The thus obtained malonyl daidzin, malonyl genistin and daidzin, 1H and 13 of genistin
C-NMR is described in the literature {Agric. Biol. Chem., 55, (9) 2227 (19
91) It was consistent with the numerical value described in ①. The okara used as a raw material was prepared according to the method of Wang et al., J. Agric. Food Chem., 42, 1666 (1.
994)｝ The isoflavone compounds were analyzed. That is, 100 ml of acetonitrile was added to 2.0 g of a freeze-dried powder sample (water content 2%) of the raw material okara (water content 78%).

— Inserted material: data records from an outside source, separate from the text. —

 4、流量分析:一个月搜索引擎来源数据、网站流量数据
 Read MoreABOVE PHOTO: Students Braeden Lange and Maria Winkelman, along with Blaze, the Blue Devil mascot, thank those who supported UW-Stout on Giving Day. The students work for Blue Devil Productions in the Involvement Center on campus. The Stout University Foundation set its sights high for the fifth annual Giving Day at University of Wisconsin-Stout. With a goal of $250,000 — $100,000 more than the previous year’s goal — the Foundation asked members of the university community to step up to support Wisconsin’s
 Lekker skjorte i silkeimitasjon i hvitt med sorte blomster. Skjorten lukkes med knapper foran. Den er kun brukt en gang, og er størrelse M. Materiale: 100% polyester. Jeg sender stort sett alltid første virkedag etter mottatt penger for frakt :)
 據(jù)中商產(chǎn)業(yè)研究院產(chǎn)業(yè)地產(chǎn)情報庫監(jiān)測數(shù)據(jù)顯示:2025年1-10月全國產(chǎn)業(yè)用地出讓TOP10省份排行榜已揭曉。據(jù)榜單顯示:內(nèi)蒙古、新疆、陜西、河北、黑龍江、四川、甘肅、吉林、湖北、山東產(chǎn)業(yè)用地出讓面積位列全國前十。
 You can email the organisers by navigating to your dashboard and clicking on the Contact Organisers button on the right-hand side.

After adding 20 ml of a 0.1N hydrochloric acid solution and stirring at room temperature for 2 hours, the mixture was filtered with Toyo Filter Paper No. 2 and concentrated to dryness at 30 ° C. or lower by a rotary evaporator. This was dissolved in 10 ml of 80% methanol, filtered through a membrane filter, and 20 μl thereof was subjected to HPLC. The average value of the three analyzes was 12.9 mg of malonyl daidzin, 13.3 mg of malonyl genistin, 4.6 mg of daidzin, 5.3 mg of genistin, 1.8 mg of daidzein and 2.5 mg of genistein per 100 g of raw okara. From the above, the yields of malonyl daidzin, malonyl genistin, daidzin, and genistin in Example 1 were 10%, 20%, 9%, and 8%, respectively. In the normal case, okara rots at room temperature, but rot of okara after this extraction treatment was not observed even after standing at room temperature for 2 days.

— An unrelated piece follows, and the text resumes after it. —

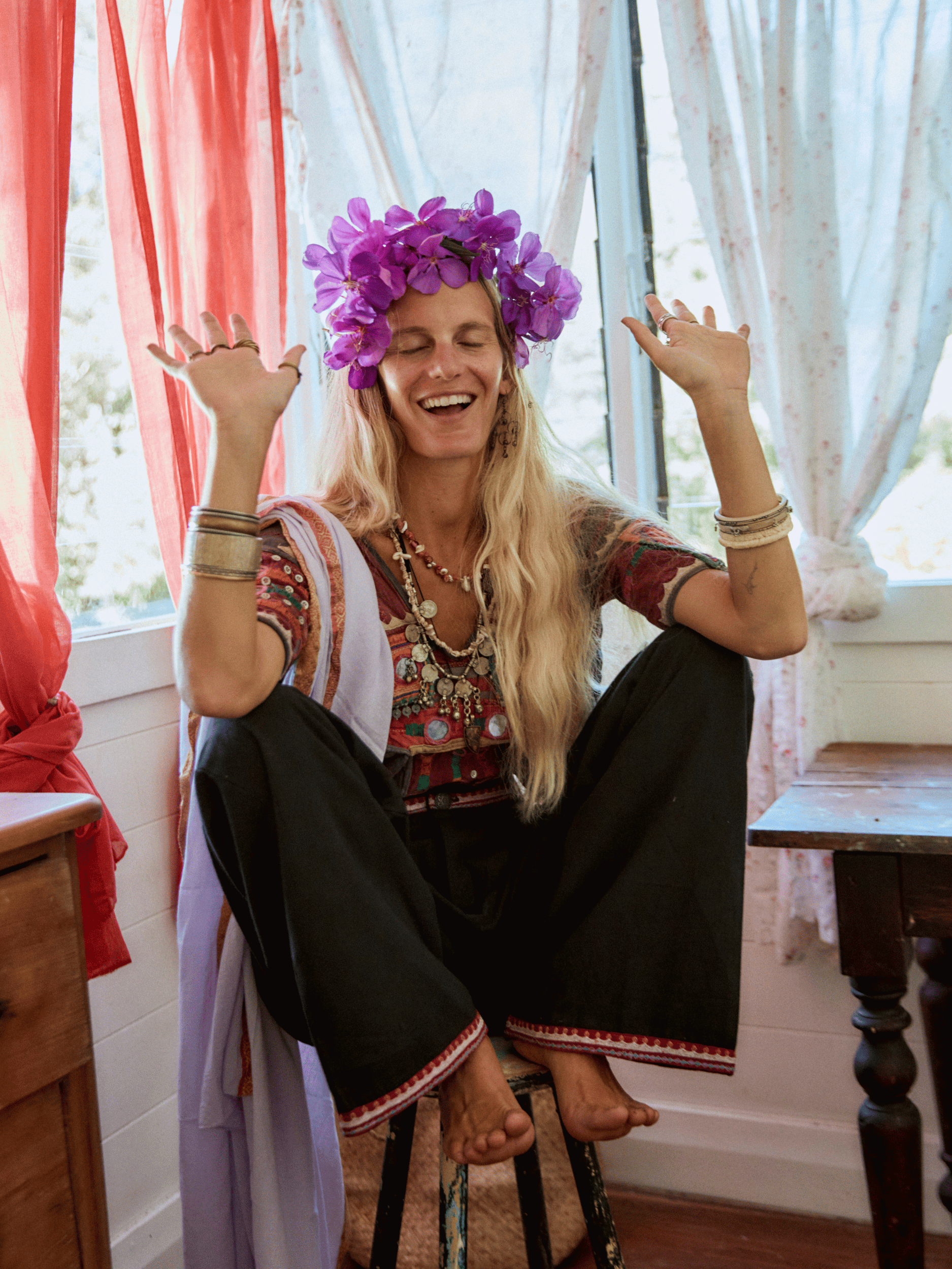 We spent a day in Byron Bay, by the ocean, with Hanalei's family. There's a quiet, effortless beauty in the way they live, deeply connected, grounded in nature, and guided by simplicity. Their world moves with the rhythm of the sea, shaped by love, presence, and a sense of freedom.

Example 2 Okara was extracted and adsorbed and eluted in the same manner as in Example 1 except that okara was extracted and tap water used for extraction was adjusted to pH 8.0 with sodium hydroxide. , Malonyl daidzin 52.1 g, malonyl genistin 75.7 g, daidzin 2
Each concentrate containing 7.9 g and 33.0 g of genistin was obtained.

Claims (2)

[Claims] The present invention is characterized in that isoflavone glycosides are extracted from okara with water, the aqueous extract is brought into contact with an adsorbent to adsorb the isoflavone glycosides in the extract, and then eluted with an alcohol aqueous solution. Method for obtaining isoflavone glycoside. 2. The method for obtaining an isoflavone glycoside according to claim 1, wherein the water used for the water extraction is a dilute acid or dilute alkali solution.